🤖 AI Summary
To address the privacy risk wherein deep learning models inadvertently memorize and leak raw samples in sensitive-data scenarios, this paper proposes a differential privacy (DP)-driven synthetic embedding generation method. Our approach jointly integrates DP clustering with a Gaussian Mixture Model (GMM) in the embedding space to generate high-fidelity synthetic data with provable privacy guarantees. Notably, we are the first to incorporate DP clustering theory into the GMM fitting process, enabling flexible substitution of encoders and decoders while preserving generality and scalability. Experiments on standard benchmarks demonstrate that training lightweight two-layer networks on our synthetic embeddings achieves state-of-the-art (SOTA) classification accuracy. Moreover, images synthesized via our method attain downstream task performance comparable to current best approaches.
📝 Abstract
Deep neural networks often use large, high-quality datasets to achieve high performance on many machine learning tasks. When training involves potentially sensitive data, this process can raise privacy concerns, as large models have been shown to unintentionally memorize and reveal sensitive information, including reconstructing entire training samples. Differential privacy (DP) provides a robust framework for protecting individual data and in particular, a new approach to privately training deep neural networks is to approximate the input dataset with a privately generated synthetic dataset, before any subsequent training algorithm.

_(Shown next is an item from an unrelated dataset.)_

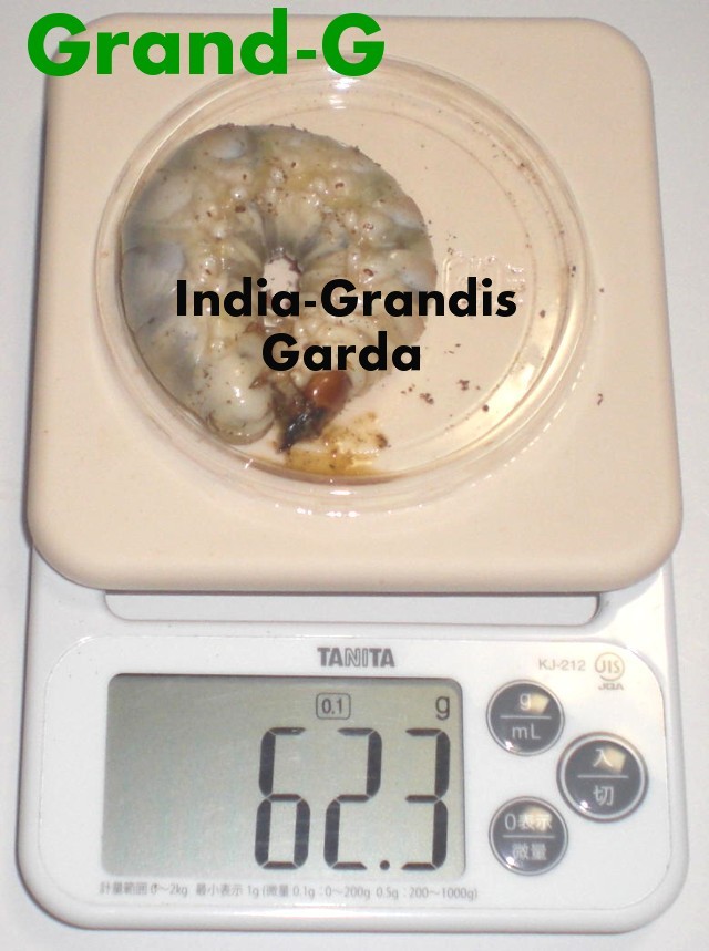菌糸ビンの交換を行ったインドグランディス Garda96.5血統の幼虫です。

We introduce a novel principled method for DP synthetic image embedding generation, based on fitting a Gaussian Mixture Model (GMM) in an appropriate embedding space using DP clustering. Our method provably learns a GMM under separation conditions. Empirically, a simple two-layer neural network trained on synthetically generated embeddings achieves state-of-the-art (SOTA) classification accuracy on standard benchmark datasets. Additionally, we demonstrate that our method can generate realistic synthetic images that achieve downstream classification accuracy comparable to SOTA methods. Our method is quite general, as the encoder and decoder modules can be freely substituted to suit different tasks. It is also highly scalable, consisting only of subroutines that scale linearly with the number of samples and/or can be implemented efficiently in distributed systems.